Question

Find the least multiple of $23$ which when divided by $18,21$ and $24$ leaves remainder $7,10$ and $13$ respectively

Answer 1

From given data

When a number is divided by $18$, it leaves a remainder of $7$.

When the same number is divided by $21$, it leaves a remainder of $10$.

When the same number is divided by $24$, it leaves a remainder of $13$.

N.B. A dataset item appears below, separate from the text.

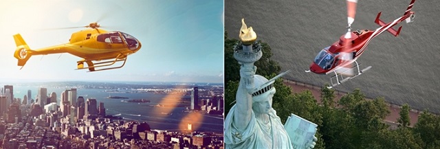 New York kentini havadan görmekten daha iyi bir yöntem olmayabilir. Ziyaretçiler kenti karadan gezebilirler, ancak kentin tam dokusu ve farklı özellikleri sadece havadan tam olarak keşfedilebilir. Manhattan Adası’nın en güney ucundan başlayan helikopter turları ile Özgürlük heykeli, Ellis Adaları, 104 katlı ve dünyanın en yüksek dördüncü binası olan yeni Dünya Ticaret Merkezi görülebilir. Daha uzun süreli helikopter turları ile Manhattan, Brooklyn, George Washington, Verrazano-Narrows Köprüleri, Wall Street, Empire State Building, Central Park, Yankee Stadium ve New Jersey kayalıkları da görülebilir.

Observing the constant difference of $11$ between divisor and remainder:

We can conclude that if $11$ is subtracted from the LCM of $18,21$ and $24$, then it will leave a remainder of $7$ when divided by $18$, a remainder of $10$ when divided by $21$ and a remainder of $13$ when divided by $24$.

When $11$ is subtracted from any multiple of LCM, it will give the same result.

Now,

$18=2\times 3\times 3$

$21=3\times 7$

$24=2\times 2\times 2\times 3$

∴ LCM of $18,21$ and $24=2^3\times 3^2\times 7=504$

So, any number of the form $(504n–11)$ will give the required remainders, when $n$ is an integer.

But, this number also has to be divisible by $23$.

Using trial and error method, for $n=6$:

We find that, $504n–11=504\times 6–11=3024–11=3013$

Thus, the required number which satisfies all the conditions is $3013$.